■ **TASK DETAILS**:
With no images included, output each entry below exactly as it appears.

*** SUPPLIED MATERIAL Section Begins ***

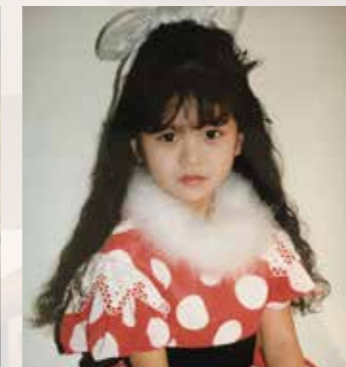
ピアノを始めた5歳頃。幼い頃からコンクールで入賞し、13歳の時には第27回バルマドール国際コンクールにて史上最年少で第1位を受賞した。
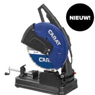
EasyCoup Compact 350
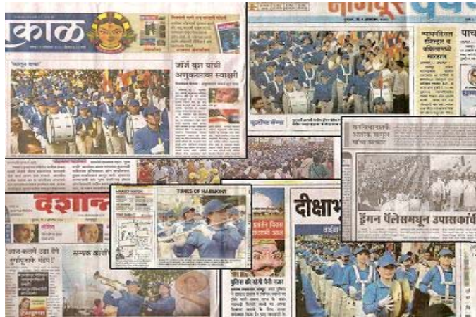
▲天国乐团于十月七日至十日在印度演出，媒体争相报道。

注：天国乐团分布于美国、加拿大、澳大利亚、新西兰、韩国、台湾、日本、马来西亚、新加坡和欧洲国家等地。乐队团员都是以「真、善、忍」为准则的法轮功修炼者。
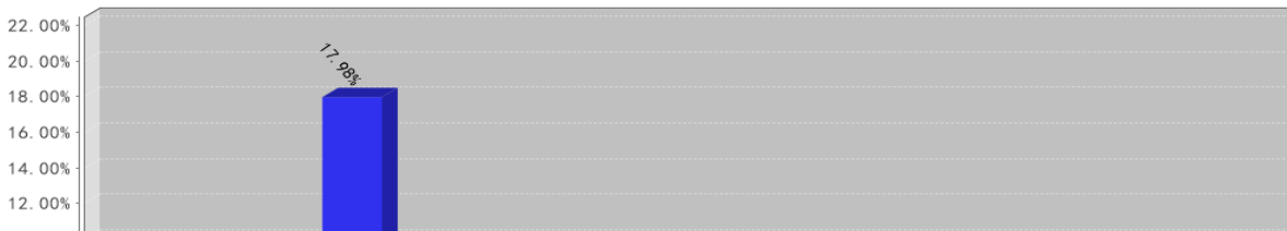
中金安心回报A类份额基金每年净值增长率与同期业绩比较基准收益率的对比图(2020年12月31日)

● 股票类资产 ● 债券类资产 ● 货币类资产 ● 其他金融资产 ● 其他非金融资产
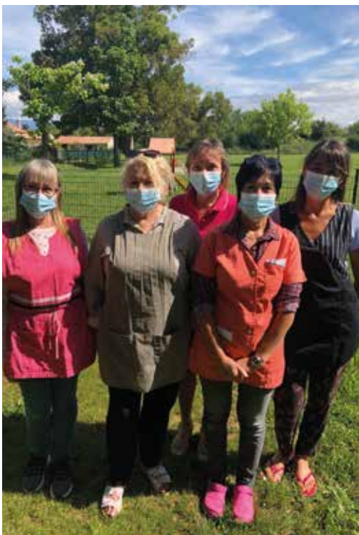
Le multi accueil municipal
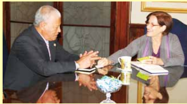
• Rector Pedro Cotillo y alcaldesa Susana Villarán en reunión efectuada el 27 de junio, en el Palacio Municipal.

Una de las primeras acciones fue encontrar una solución definitiva al problema del intercambio vial de las avenidas Venezuela y Universitaria, heredado de la gestión anterior rectoral.
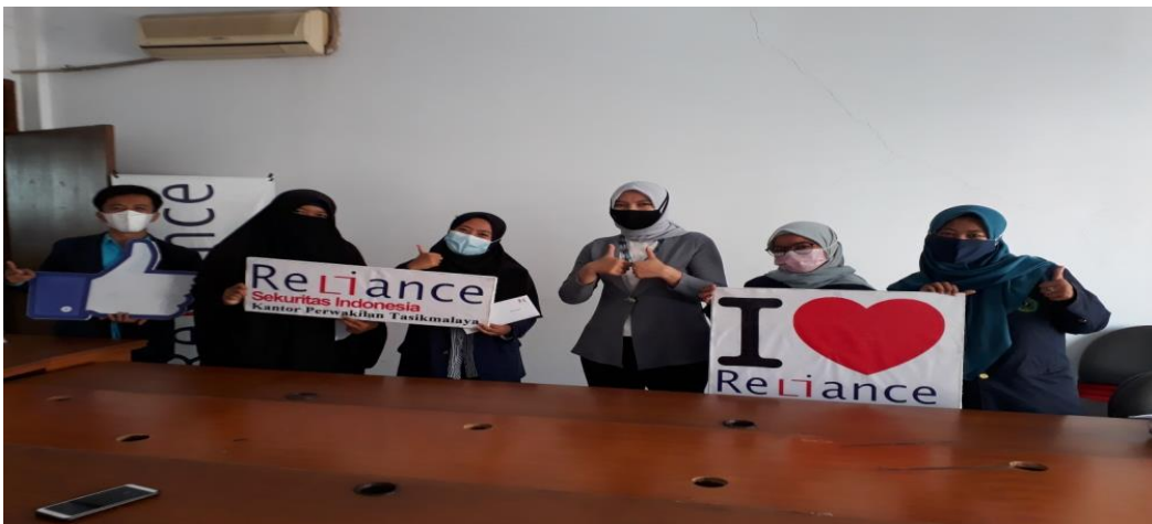
Gambar 5. Pelepasan / perpisahan peserta magang oleh Pimpinan Perusahaan dengan perwakilan pemegang dari STAI Tasikmalaya
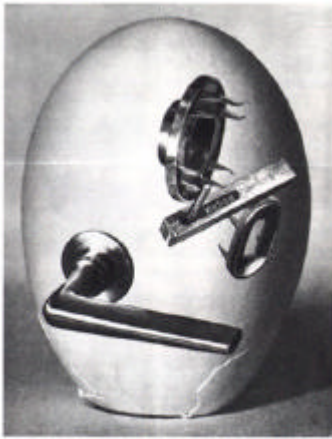
Burchartz, Wehag- Prospekt „Einheits- Türbeschlag“, 1930.
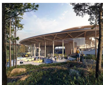
Volvo upplevelsecenter sett från sydöstra hörnet
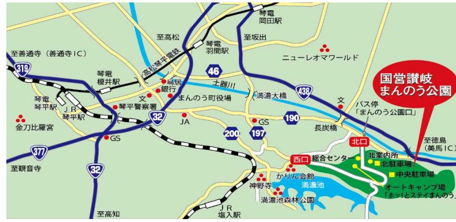
図:公園の位置(周辺拡大)
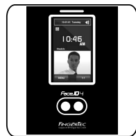
Face ID 4
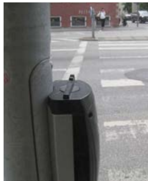
Lydfyr der giver lydsignaler. Her med retningsgiver for svagtseende og blinde

Helsingør Kommune stiller krav og ønsker til tilgængelighed i nye anlægsprojekter . Dette gøres ved, tidligt i processen, at formidle kommunens prioriteringer til rådgivere og ved at stille krav om tilgængelighedsrevision til anlægsprojektet.
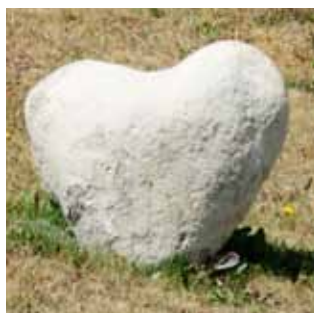
Toto srdce sa našlo pri kláštore v potôčiku, vytvorené bez ľudskej ruky...

*** SUPPLIED MATERIAL Section Ends ***

■ **RESULT**:
ピアノを始めた5歳頃。幼い頃からコンクールで入賞し、13歳の時には第27回バルマドール国際コンクールにて史上最年少で第1位を受賞した。
EasyCoup Compact 350
▲天国乐团于十月七日至十日在印度演出，媒体争相报道。

注：天国乐团分布于美国、加拿大、澳大利亚、新西兰、韩国、台湾、日本、马来西亚、新加坡和欧洲国家等地。乐队团员都是以「真、善、忍」为准则的法轮功修炼者。
中金安心回报A类份额基金每年净值增长率与同期业绩比较基准收益率的对比图(2020年12月31日)

● 股票类资产 ● 债券类资产 ● 货币类资产 ● 其他金融资产 ● 其他非金融资产
Le multi accueil municipal
• Rector Pedro Cotillo y alcaldesa Susana Villarán en reunión efectuada el 27 de junio, en el Palacio Municipal.

Una de las primeras acciones fue encontrar una solución definitiva al problema del intercambio vial de las avenidas Venezuela y Universitaria, heredado de la gestión anterior rectoral.
Gambar 5. Pelepasan / perpisahan peserta magang oleh Pimpinan Perusahaan dengan perwakilan pemegang dari STAI Tasikmalaya
Burchartz, Wehag- Prospekt „Einheits- Türbeschlag“, 1930.
Volvo upplevelsecenter sett från sydöstra hörnet
図:公園の位置(周辺拡大)
Face ID 4
Lydfyr der giver lydsignaler. Her med retningsgiver for svagtseende og blinde

Helsingør Kommune stiller krav og ønsker til tilgængelighed i nye anlægsprojekter . Dette gøres ved, tidligt i processen, at formidle kommunens prioriteringer til rådgivere og ved at stille krav om tilgængelighedsrevision til anlægsprojektet.
Toto srdce sa našlo pri kláštore v potôčiku, vytvorené bez ľudskej ruky...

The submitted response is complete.